« Les animaux et les insectes ont tant à nous apporter »
Emmanuelle Pouydebat, Directrice de Recherche au CNRS et au Muséum national d’histoire naturelle, spécialisée dans l’évolution des comportements animaliers, partage avec Françoise Raynaud, dans le cadre du hors-série AA – Particules élémentaires– l’émerveillement pour le vivant. « Nous utilisons l’une et l’autre le même vocabulaire », dit-elle. Retour sur l’importance de la bio-inspiration.
Propos recueillis par Jean-Philippe Hugron
Quels sont vos axes de recherche aujourd’hui ?
Mes recherches portent sur la capacité d’adaptation des êtres vivants. J’étudie par exemple l’évolution des éléphants dans leur manière d’utiliser leur trompe afin de se nourrir, se déplacer, d’établir des contacts sociaux. À l’origine, cet organe était tout petit. Il s’est allongé en fonction des milieux géographiques. En outre, une trompe sait aussi bien manipuler un pop-corn qu’elle peut déraciner un arbre. Elle est puissante et précise à la fois, le tout sans os, sans articulations à proprement parler. Ce sujet intéresse la robotique, notamment la robotique molle. La trompe est un modèle de souplesse et de dextérité et une analyse biomécanique sera source d’enseignements. Ainsi, un questionnement biologique peut conduire à une application différente.
Apprenez-vous aussi de l’habitat des espèces que vous étudiez ?
Tout le temps. Avec la vétérinaire et primatologue Sabrina Krief, professeure au Muséum national d’histoire naturelle, nous travaillons par exemple sur les chimpanzés. Ils se soignent du paludisme et s’en protègent grâce à leur habitat. Nous avons en effet constaté qu’il y a moins de tiques et de moustiques au sein de leur nid. Et pour cause, ils utilisent des végétaux aux propriétés répulsives. Nous espérons ainsi découvrir de nouvelles molécules.
Quelles sont les autres passerelles possibles ?
Elles sont si nombreuses ! Pour les transports, les matériaux ou encore l’architecture, l’écologie. Les drones de troisième génération cherchent la miniaturisation. Des travaux sur les libellules montrent leur extrême manoeuvrabilité tout en consommant très peu d’énergie. Si nous restons dans le domaine des transports, les Japonais ont étudié la manière dont le martin-pêcheur plonge à 80 km/h dans l’eau en produisant peu d’éclaboussures ainsi qu’une onde de choc réduite. Cet enseignement a permis d’optimiser la morphologie du Shinkansen, le TGV japonais, de réduire ses nuisances sonores tout en économisant de l’énergie.

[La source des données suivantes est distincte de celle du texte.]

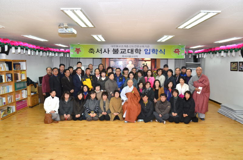 14기 1학년 도반님들이 큰스님과 단체사진을 찍으시고
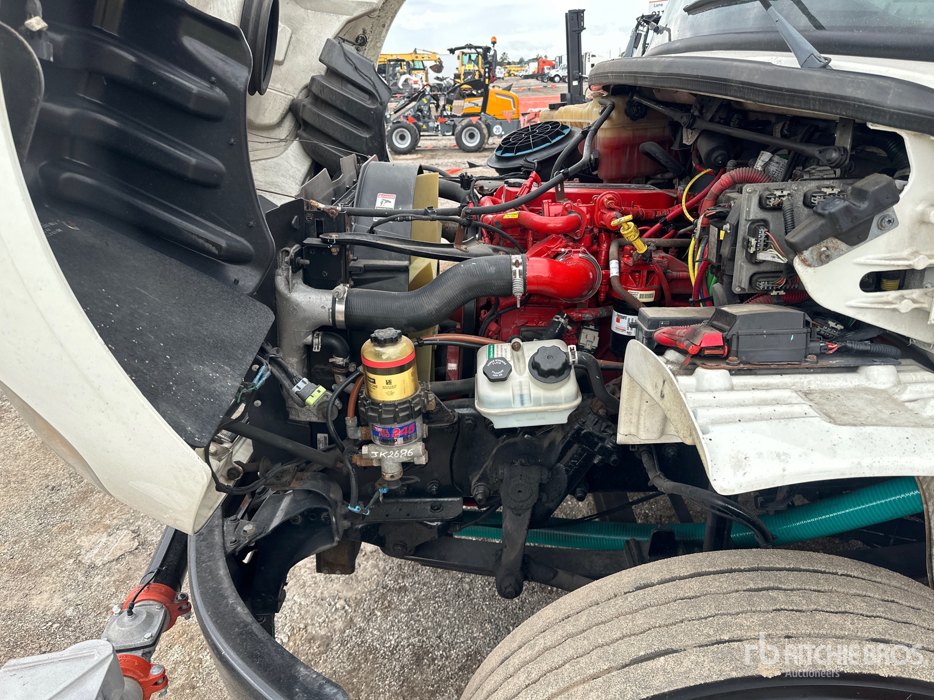 Cummins B6.7 6 Cylinder 6.7 L Diesel 250 hp Engine, 2018 US EPA Label, 7848 Engine hrs, Allison 3000 Automated Transmission, 12000 lb Front Axle, 21000 lb Rears, 5.56:1 Axle Ratio, 33000 lb GVWR, Aluminum Outer Wheels, 11R22.5, Air Ride Suspension, 204 in Wheelbase, PTO, 2500 gal Steel Tank, 6 ft 6 in, Spray Bar, Front Spray, Rear Spray, Side Spray
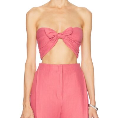 The TOVE Awa Top in dusty cherry features a breezy, cropped linen‑cotton silhouette—pair it with the Santu Trouser and Elluminize lashes for a softly radiant, summer chic ensemble.
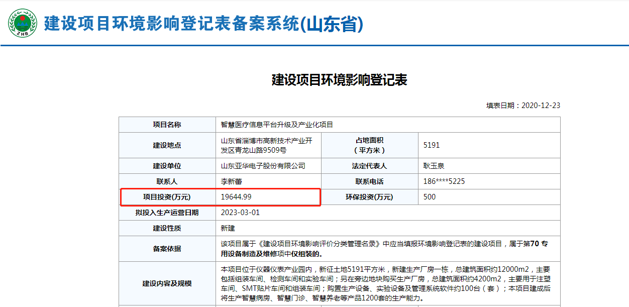 亚华电子招股书披露,公司此次上市募投的另一项目是投资,7,867.29万元用于研发中心建设。而在中华人民共和国生态环境部网站上,记者还发现,2020年10月,亚华电子对“智慧病房服务交互系统科研创新平台”项目进行环评备案。信息显示,上述项目总投资高达10930万元,项目位于淄博高新区仪器仪表产业园,占地约10亩,建设1栋第三方检测中心大楼,建筑面积约7000平。亚华电子称,项目建成后实现以“智慧病房服务交互系统”为主体框架,完成“智慧病房交互”、“智慧护理”、“远程会诊探视”、“智慧物联网”,实现医护患立体交互、医护业务流程智能化再造、护理品质管理、医护内外网远程交互、病区人员与物资管理、病区安全管理等。该项目2021年12月8日拟投入生产运营。
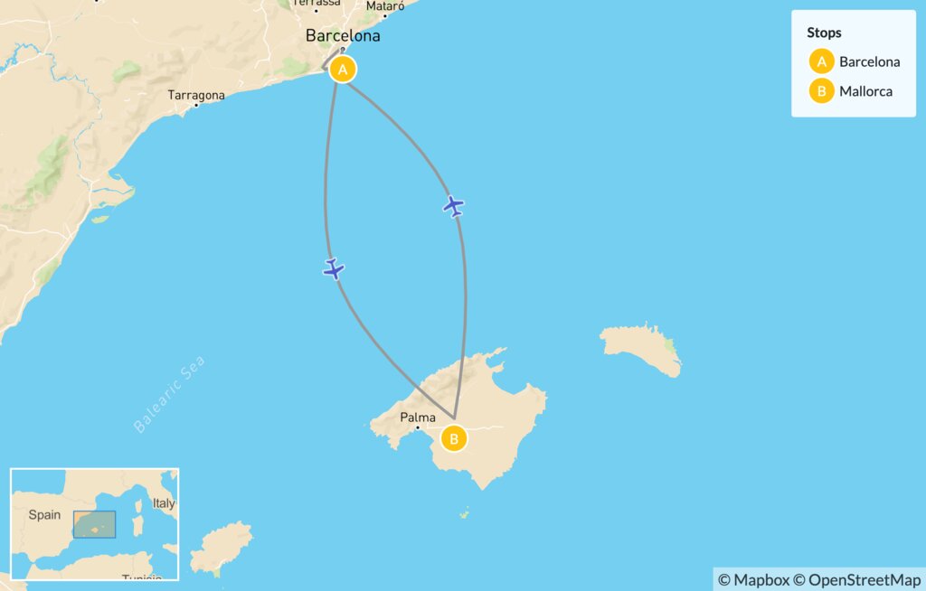 Map of Family Trip to Barcelona & Mallorca – 8 Days
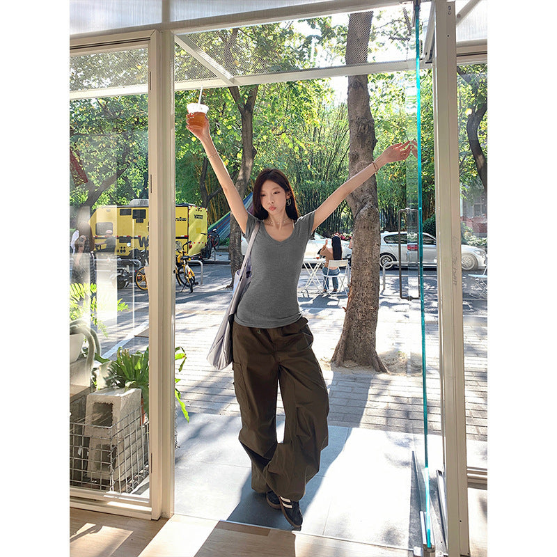 Women's Solid Color And V-neck Short-sleeved Bottoming Top
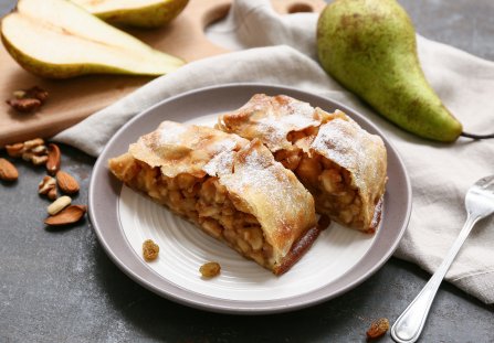 Strudel gruszkowy, czyli cieniutkie jak pergamin, delikatne ciasto nadziewane soczystymi gruszkami, chrupiącymi orzechami, wyrazistym serem gorgonzola i kremowym mascarpone. Prawdziwa poezja smaku! Idealnie zbalansowane smaki zachwycą nawet najbardziej wymagające podniebienia.
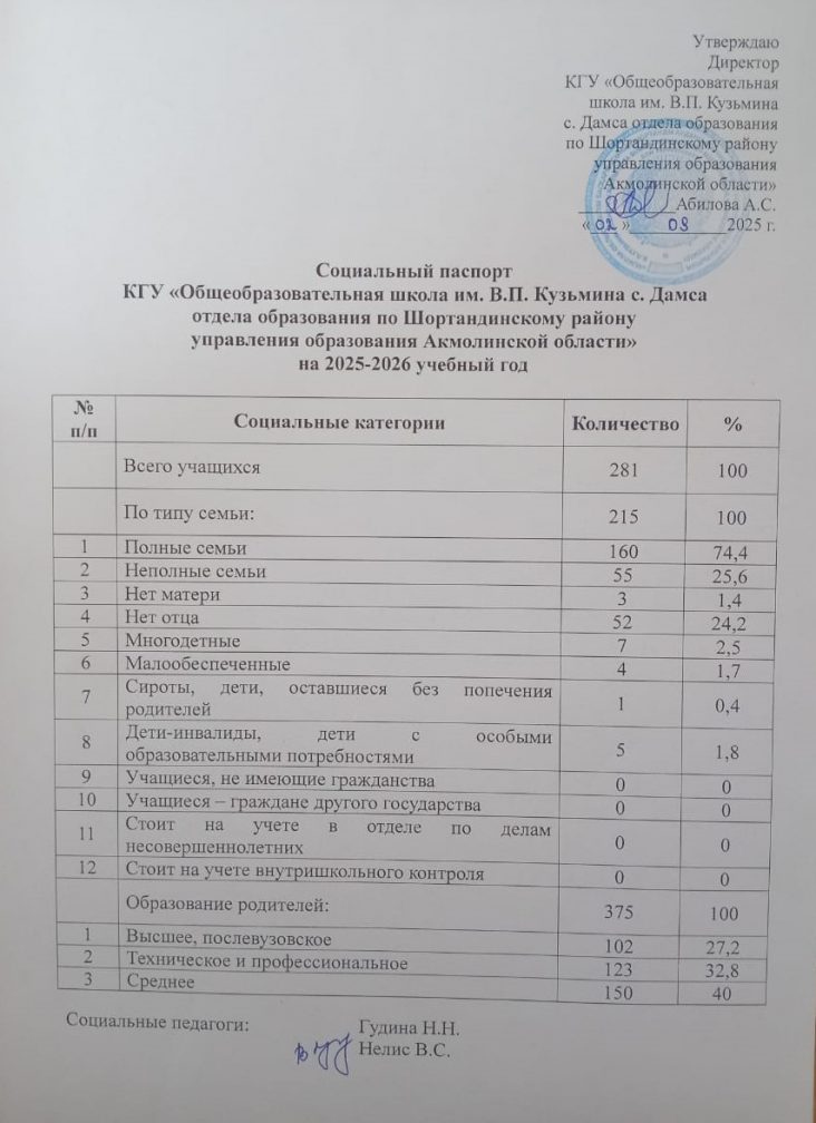 2025-2026 оқу жылына арналған мектептің әлеуметтік паспорты

Vous évoquiez aussi les matériaux et l’architecture…
Pour les matériaux, je pourrais citer les recherches de Christine Rollard, grande spécialiste des araignées. Leur soie est cinq fois plus résistante que l’acier et elle est très élastique. Ces propriétés ont été utilisées pour créer des gilets pare-balle ou encore, dans un cadre médical, des tendons artificiels. Pour l’architecture, un exemple : l’Eastgate Center au Zimbabwe (conçu par l’architecte Mick Pearce en 1996, ndlr) a été construit sur le principe des termitières. En effet, les termites développent des galeries allant du sous-sol jusqu’au sommet de leur construction. Dans la journée, quand il fait 50°C dehors, l’air chaud est évacué par le haut. À l’inverse, le soir, les galeries souterraines peuvent être comblées pour garder la chaleur interne malgré une température externe de 0°C. Ainsi, l’air au sein de la termitière est maintenu à 30°C, de jour comme de nuit, un enjeu pour la survie des termites qui peuvent ainsi élever des moisissures qui pré-digèreront les feuilles qu’elles consomment.

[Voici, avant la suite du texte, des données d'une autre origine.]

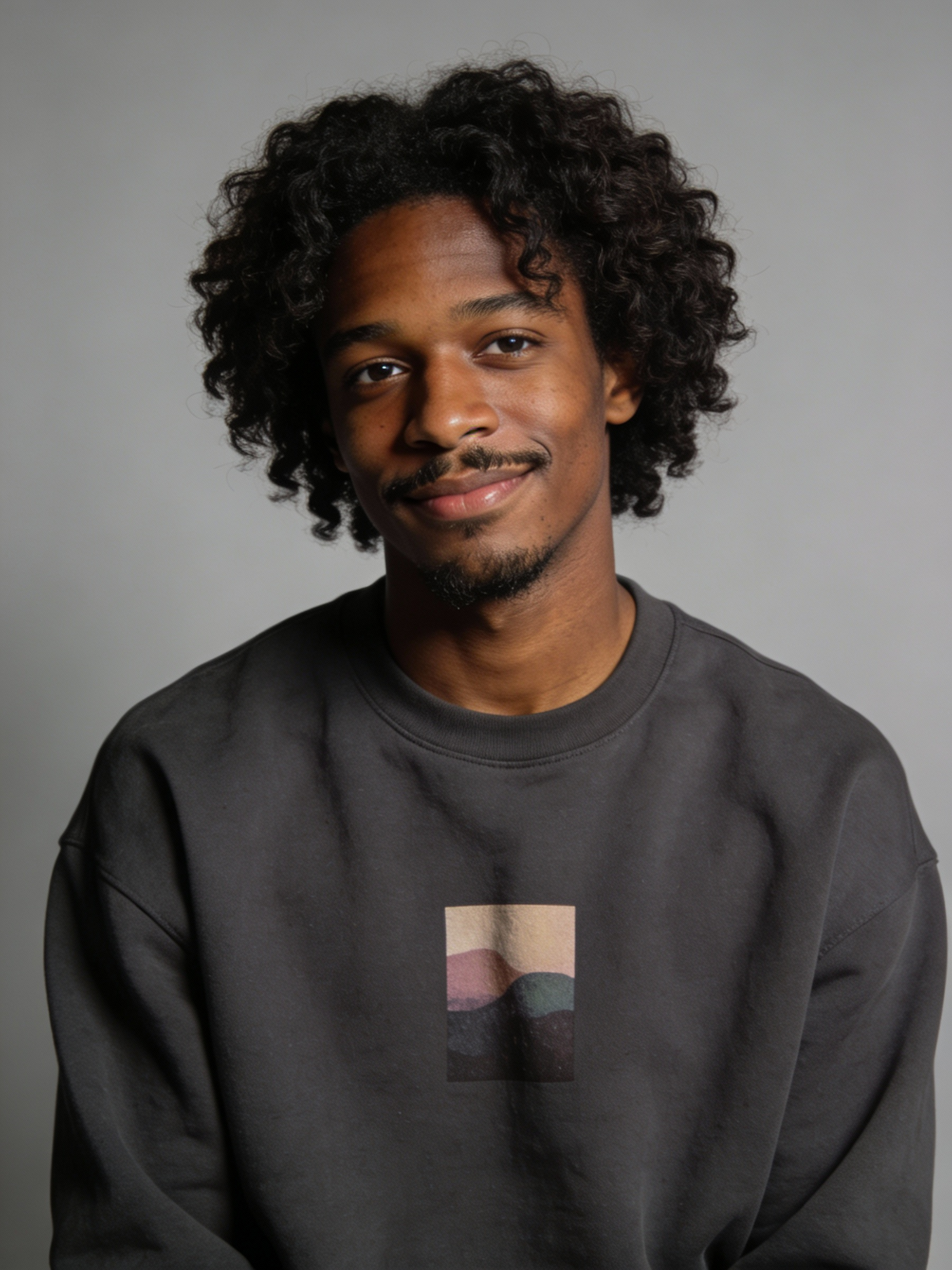 A young man with curly hair and a warm smile wearing a dark sweatshirt with a minimalist design, set against a neutral background.

Quel message souhaitez-vous transmettre, pour conclure ?
La bio-inspiration peut être un atout mais ne doit pas être qu’un business. Elle doit être à l’origine d’un combat pour la sauvegarde de la biodiversité et le respect de la vie. Les animaux et les insectes ont tant à nous enseigner. Certaines espèces, par exemple, ne développent pas de cancer, d’autres régénèrent leurs neurones, le venin peut être source d’antidouleurs puissants, plus efficaces encore que la morphine et sans ses effets secondaires. Des fourmis produisent des moisissures qui sont une souche efficace contre les bactéries. Beaucoup de solutions sont dans la biodiversité. C’est une triste chose de songer que la nature parle et que le genre humain ne l’écoute pas, ainsi que l’écrivait Victor Hugo. Écoutons-la et protégeons-la.